Старшая группа жила в старом двухэтажном доме, похожем на все дома ленинградских курортов. Спальни мальчиков на первом этаже, девочек – на втором. Перед тем как уйти к себе, воспитательница, заканчивающая вечернюю смену, заходила пожелать всем спокойной ночи. Сначала стихал шум у мальчиков, потом слышался скрип деревянной лестницы. Мы уже лежали, дисциплинированно сложив руки. Она обходила спальни, усаживалась на стул в среднем коридорчике, куда выходили двери всех трех спален, и, сидя в этой точке обзора, прислушивалась, как мы засыпаем. Этого ритуала обе воспитательницы придерживались одинаково, не вкладывая в него ничего от себя. Каждая сидела, погрузившись в свои думы, но если думы Ларисы Львовны, вероятнее всего, витали вокруг будущего сынка и были до такой степени личными, что с засыпающими шестилетками она не могла и не хотела ими делиться, то мысли Нины Ивановны, как очень скоро выяснилось, в эту предночную пору были такими, что ими не грех было поделиться с уставшими за долгий и суматошный день детьми. «Когда я сижу вот так, на этом стуле, – она начала однажды тихим напевным голосом, как начинают сказочный зачин, – я думаю о том, что скоро наступит прекрасное время, оно называется коммунизм». Она произносила это с такой уверенностью, словно речь шла о чем-то определенно близком, как завтрашнее утро.
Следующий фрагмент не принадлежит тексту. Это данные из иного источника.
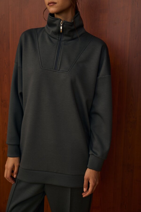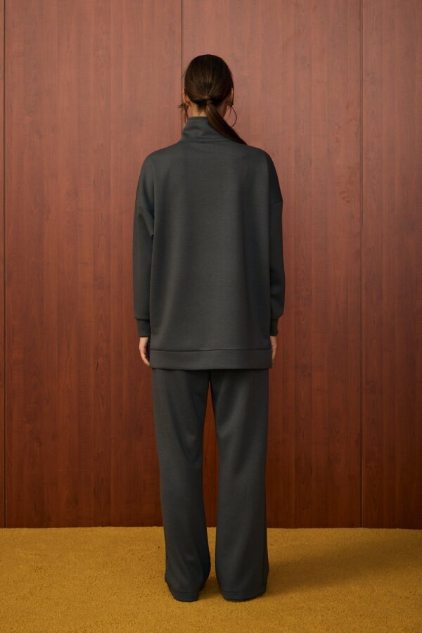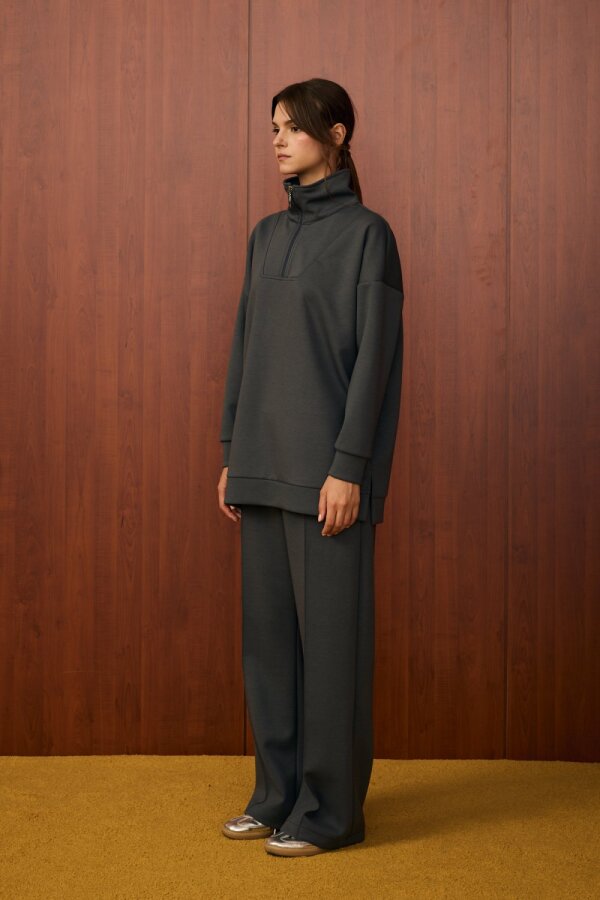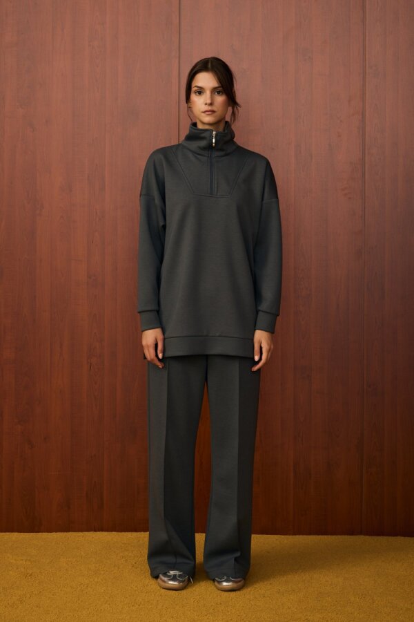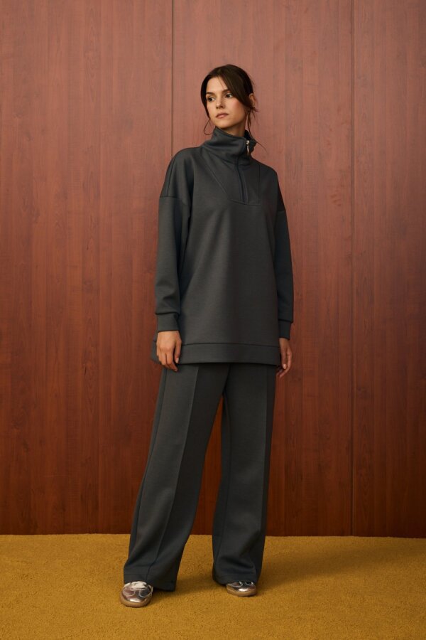 Ürün Özellikleri: Model Türü: İki parçalı spor-şık takım (üst + pantolon) Kumaş & Tasarım: Kumaş Yapısı: Orta kalınlıkta, rahat ve dökümlü kumaş İki İplik Yaka Detayı: Yarım fermuarlı, dik yaka Form: Oversize rahat kesim Tarz: Günlük kullanıma uygun spor-şık tasarım Ölçüler: Üst Parça: Ön Boy: 74 cm Arka Boy: 76 cm Alt Parça (Pantolon): Boy: 105 cm Bedenleme: 1/2 şeklindedir: 1 Beden: 36 / 38 / 40 2 Beden: 42 / 44 Manken Bilgisi: Boy: 175 cm Giydiği Beden: 1 Beden

Как будто стоило нам закрыть глаза, чтобы во сне незаметно для себя пережить темноту, и новое счастливое время само собою наступит. «Закройте глазки». Мы слушали ее, не открывая глаз. «Это будет такое время, когда все будут счастливы: и вы, и ваши родители, и ваши воспитатели». – «А детский сад будет?» – «Будет, будет», – она уверяла вопрошающего. «Я не хочу, чтобы детский сад». – «Значит, не будет. Кто захочет, для того будет, кто не захочет – не будет». – «А как же на дачу?» – «На дачу будут ездить все». – «И мама?» – «И мама, и мамы». Теперь, когда выпадала ее смена и Нина Ивановна садилась на стул в среднем коридорчике, всегда находился кто-то, просивший «Расскажите», – и она снова и снова, добавляя новые подробности и обязательно ссылаясь на науку, словно эта ссылка могла укрепить мечты шестилетних, рассказывала о том, будущем времени, похожем на нашу дачу, пахнувшую распаренным на солнце шиповником, мягкой асфальтовой смолой и пресной водой залива.

Дождавшись, пока все уснут, воспитательница уходила в свой дощатый домик, а нас оставляла на ночную няню, которая, обойдя спальни дозором, укладывалась спать на диван у самой входной двери. Закрыв глаза, я еще некоторое время по мечтательной инерции видела песчаную дорогу, зелень лопухов над канавами, неровные кроны высоких сосен – все то, что должно было наступить наяву, стоило только перетерпеть неважное ночное время. Оно приближалось к моим векам с каждой секундой и готово было вот-вот наступить, но в самый последний момент все-таки не наступало, потому что наступало другое время – время моих ночных воспитателей. Полные, в белых халатах, с плоскими, почти неразличимыми лицами, сейчас я бы сказала, безликие. Они были похожи на детсадовских поварих. Поварихи никогда не выходили в столовую. Однажды я видела, как поварихи готовят: мешают в больших котлах, на которых красной краской написаны буквы и номера.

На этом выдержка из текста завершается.